What you should do » Transcribe each line of the material as it is, and drop any picture.
(Collected data Opens)
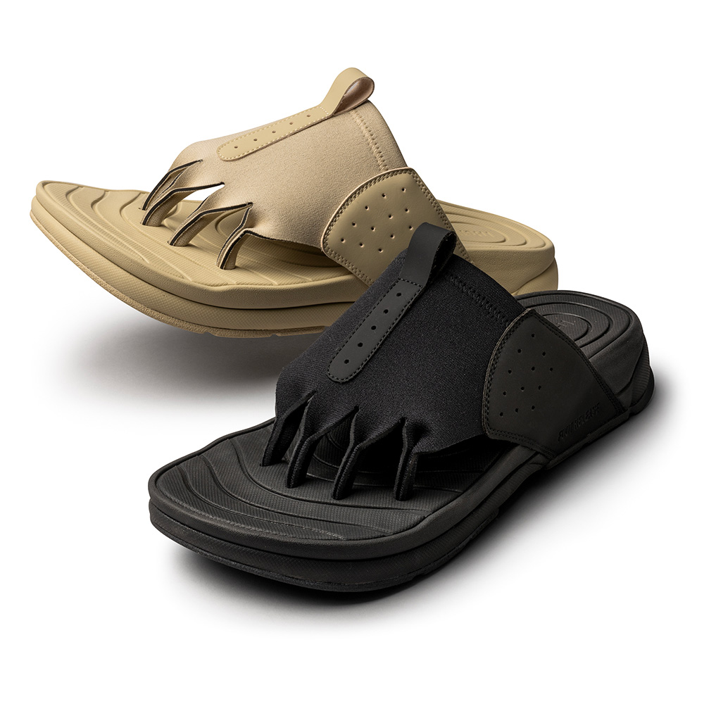 母趾外転筋をサポートするインソールが、曲がった母趾をやさしく補正しながら、歩行時に母趾と足裏にかかる負担を軽減します。
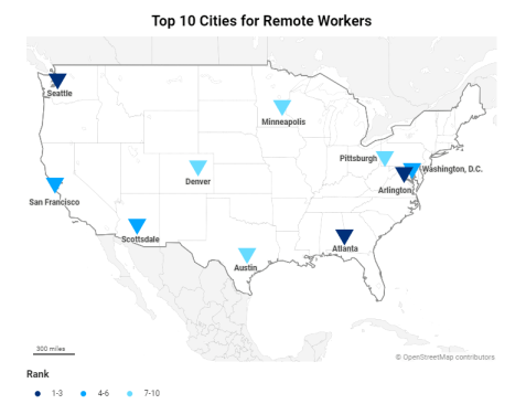 Arlington, which is only slightly behind Seattle, with 38.5% reporting as remote workers, indicates a robust remote work culture.
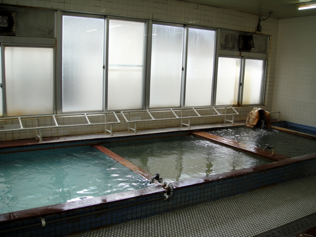 湯船の大きさは3つともほぼ同じで、5-6人が入れそうな大きさ。ただし、深さは熱い湯船ほど深い造りになっています。
(Collected data Closes)
Solution to the problem »
 母趾外転筋をサポートするインソールが、曲がった母趾をやさしく補正しながら、歩行時に母趾と足裏にかかる負担を軽減します。
 Arlington, which is only slightly behind Seattle, with 38.5% reporting as remote workers, indicates a robust remote work culture.
 湯船の大きさは3つともほぼ同じで、5-6人が入れそうな大きさ。ただし、深さは熱い湯船ほど深い造りになっています。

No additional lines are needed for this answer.